‘Will the guilt I feel for moving to Australia ever go away?’

Guilt casts a grey cloud over a sunny life here but if I move back, will I regret it?

Will Cullen with his wife Michelle and  baby daughter Olivia in Sydney.

Will Cullen with his wife Michelle and baby daughter Olivia in Sydney.

 

Before I moved to Australia, back in 2010, my friend who was already living in Perth told me a story. While out working one day, he bumped into an elderly Italian man and they started to chat about where they were from. As they parted ways, the elderly man said something to him that still echoes in my mind.

“I think about home [Italy] every single day, but I know if I was to move home I would miss Australia, so what do I do?”

Ever since arriving in Australia myself, I have felt at times like a Looney Toons character, the ones who walk around with the grey rain cloud hovering over them.

This small grey cloud follows me around even in the 38 degree summer evenings here in Sydney. But the difference between me and Elmer Fudd is that while his grey cloud may be one of impending doom or bad luck, my grey cloud is of guilt.

“Guilt for what?” you may ask. Well, you are not the only one to wonder. My Aussie wife (my girlfriend at the time) asked me in our first few months together why I felt guilty for living in Sydney and doing well for myself. Why would I feel bad for being in one of the most beautiful places in the world, working in a big company and being happy and healthy?

I am not sure if it is a primitive inbuilt instinct that we have to be close to our parents or family, or maybe I am just a product of my family environment, and not all families are like this.

At times, I find myself going for a stroll around by the Sydney Opera House and thinking, “ Wow. I wish my Ma, or my niece or X Y and Z from my family could see this”, and that’s when the grey cloud appears, the guilt cloud.

My life couldn’t be better here. I have a wonderful wife, a gorgeous four-month-old baby girl, a good job, great friends, and very nice roof over our heads.

“Then what are you on about, guilt?”

I am the youngest of three boys. My eldest brother lives in Saudi Arabia, where he is teaching English. I’m here in Australia, and my middle brother is living up the road from my ma with his wife and two kids.

Valuable time

My brother has to juggle his own life, his kids, his wife, work and then taking care of or making sure my folks are okay. The guilt makes me think I should be there to help him. The guilt makes me think that as my parents are getting into their mid-60s, I’m here and losing valuable time with them as each day goes by.

The guilt makes me feel that my little girl is missing valuable time with them and the rest of my family, and she will “make strange” when she sees them.

As I write this, it is my godchild’s confirmation tomorrow, and the guilt sits on me heavily knowing I should be there as her sponsor, yet all I can do is send a card with my love and apologies.

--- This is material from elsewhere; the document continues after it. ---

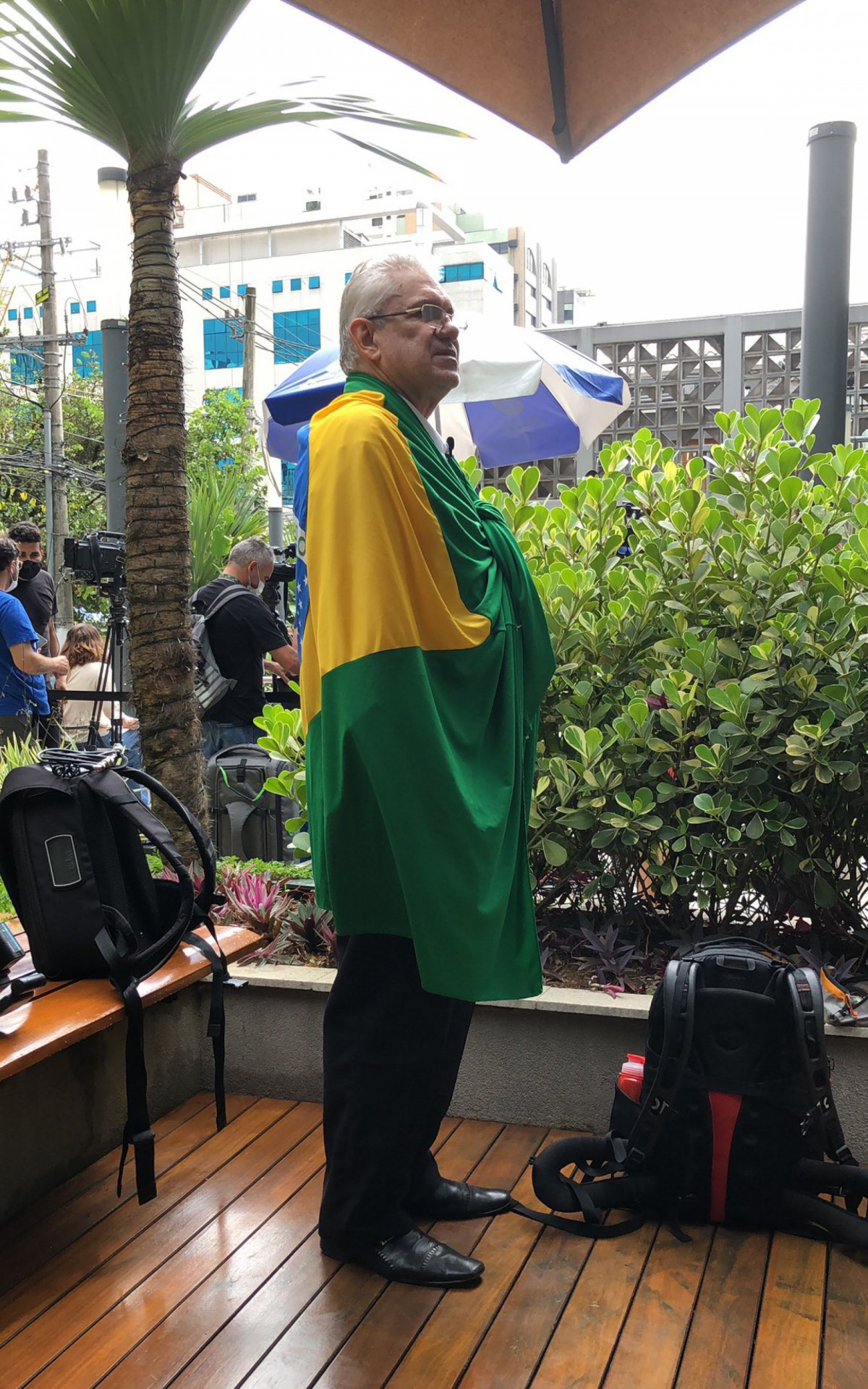 Com a bandeira do Brasil nos ombros e uma Bíblia debaixo dos braços, o professor aposentado prestou continência às câmeras, e declarou seu apoio ao presidente. A carta de Antônio, segundo ele, trazia uma mensagem de pronta recuperação ao presidente.

My parents came to visit last Christmas and as I sat with my da on the decking in the summer evening having a drink, he uttered the sentence I’m sure a lot of people who live away from home hear:

“Why would you want to come back, look at the life you have here, it’s amazing.”

Turmoil

He means well, and is trying to make me feel better, but I know in his heart he wants us back. As he says it, I can hear the torment in his voice and in his heart. That just adds to the guilt.

My wife now understands, after spending time with my family, how hard it is for me to be away from home.

A lot of people don’t like to admit to their guilt about living abroad. Some don’t want to talk about it, for fear of further upsetting their parents.

I don’t go around with my head hung low feeling sorry for myself all the time. Life is too short and I go about my life happy with my amazing family here. But the cloud is never too far away.

The question I ask myself is, will it ever go? Will going back to Ireland make this cloud disperse, or will the cloud just make me miss my Aussie life?